Threatening someone's LIFE? For what? A Bill?

Threaten someone's life who is eying your baby-child in the wrong way, yeah, I can understand that, but for a bill, or for writing out a complaint about something stupid and terrible, but would probably not get you much more than damages -- at that point.


----------



## vat (Jul 23, 2010)

Sorry I do not care who you are, you shoot my dog and I WILL NOT be all smiles for the papers and I WILL NOT accept your 8 week old pup! I WILL bring the heavens down on your head! Just saying.


----------



## Jax's Mom (Apr 2, 2010)

selzer said:


> I just can't get it. People make mistakes, and choices that are not the greatest. I am currently scratching to get by, and am accountable for that. I cannot fathom why people who have the world on a string, have to do STUPID things to screw that up.

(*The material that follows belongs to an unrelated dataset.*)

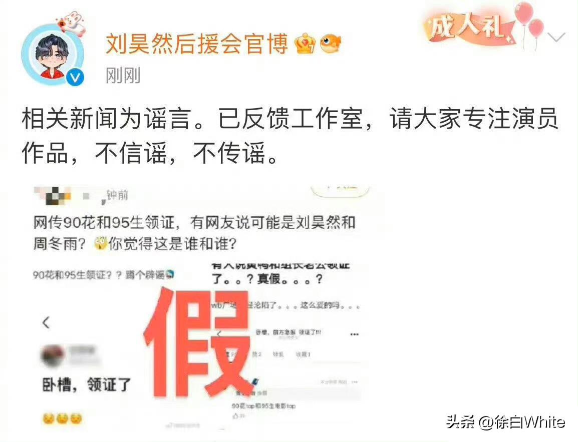 3月16日,周冬雨刘昊然,比官宣复合来的更快的是,刘昊然后援会的否认! 今天一大早就有消息称内娱90花跟95生复合,好事将近,不少网友猜测是周冬雨刘昊然,甚至开始期待他们的官宣,没想到等来的是刘昊然后援会的否认,图片里的内容只有领证信息,没有复合信息,要知道原本两个消息是放在一起的,所以……复合或许,可能是真的,领证可能没那么快! 不管怎么说,不摁头,有好消息就祝福,没好消息也不催~

Money is different when it's just handed to you for no reason. Not that I would know what that's like personally, but I've seen a few run into money which they had no business getting, panic and start making a series of poor decisions. 
No brains + unlimited resources = disaster.
My best example of that so far has been my dad's friend's nephew, who inherited a ton of money, bought a big truck and yacht, just seconds before launching it, he parked it on a hill, the trailer slowly tipped and the yacht rolled all the way down the hill. Saddest part, the person he inherited the money from worked really hard to save every last penny till the day he died.
People who actually have to work for their money have time to plan out where it's going and leave very little room for error (or at least that's how I operate).


----------



## bad_news07 (May 23, 2011)

vat said:


> Sorry I do not care who you are, you shoot my dog and I WILL NOT be all smiles for the papers and I WILL NOT accept your 8 week old pup! I WILL bring the heavens down on your head! Just saying.


 
If your dog attacks me I will defend myself at all cost even if it means shooting your dog. Police should press charges to the irresponsible dog owners for letting him loose not to the bodyguard that killed it...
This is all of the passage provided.